Ms Skiffington’s health
[4] The second point concerned Ms Skiffington’s wellbeing. I do not need to record the detail of Mr Temm’s submissions. Suffice to say that Mr Temm described Ms Skiffington as being exceedingly unwell. That much is clear from an affidavit which Ms Skiffington filed on 29 June 2017 for the purpose of this hearing.
[5] In response to the affidavit counsel for the Commissioner made the point that no updated medical evidence is before the Court. The only medical evidence before the Court is that which Collins J relied upon in his judgment of 7 August 2015 declaring Ms Skiffington unable to defend the charges against her and staying the
charges.1
[6] Mr Temm wished me to be aware that he had spoken to the medical specialists himself and recorded that fact in a memorandum filed in a related
1 R v R L [2015] NZHC 1862.
proceeding in May 2017.2 Mr Temm’s short point was that while there was no updating evidence from the health professionals there was an updating memorandum from Mr Temm.
[7] Mr Temm’s concern was that the first respondent has an inability to accurately recall aspects of what was a series of transactions some years ago.
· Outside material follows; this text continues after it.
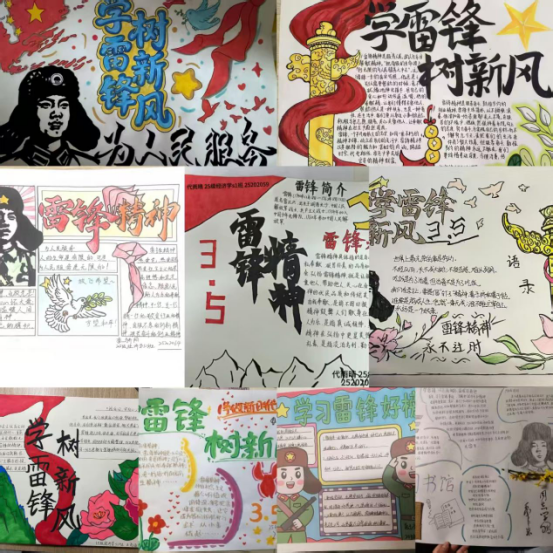 “巧融废旧践勤俭,深耕志愿绘雷锋”主题手抄报活动中,全院同学积极参与,用手中的画笔描绘出心中的雷锋形象,紧扣雷锋事迹、志愿活动等核心主题,最终呈现出一幅幅色彩鲜明、构思巧妙的手抄报,不仅展现了同学们的艺术创造力,更生动诠释了雷锋精神的内涵。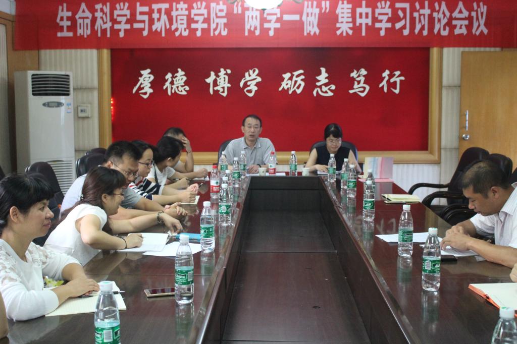 根据《SUNBET申搏官方网站“两学一做”学习教育实施方案》有关要求,生命科学与环境学院党总支于2016年9月1日~3日在行政楼三楼会议室举行“两学一做”集中学习讨论会。全院23名教工党员积极参加,认真学习,热烈讨论,主动发言。

I touch on these matters further at [39] of this judgment.
Application for recusal
[8] The third matter was an application that I recuse myself on the basis of a past acquaintance with Ms Skiffington.
[9] In her extensive affidavit filed in opposition to the application for a sale order
Ms Skiffington sets out her past professional practice. From 1999 to 2002
Ms Skiffington was the senior ministerial legal advisor to several ministers including the then Attorney-General. Through Mr Temm, Ms Skiffington reminded me that in my role as a Crown Counsel with the Crown Law Office I had dealings with Ms Skiffington in her capacity as senior advisor to the Attorney-General. It was also suggested that Ms Skiffington and I engaged with one another during 2005-2006 when she played a lead role in the drafting of the Foreshore and Seabed Act 2004 and, as chief crown negotiator, led the negotiation and settlement of a foreshore and seabed claim. It was further suggested that Ms Skiffington and I had social contact although when I queried this, Mr Temm qualified the circumstances. Ms Skiffington’s instructions were that there had been social contact in the context of professional gatherings.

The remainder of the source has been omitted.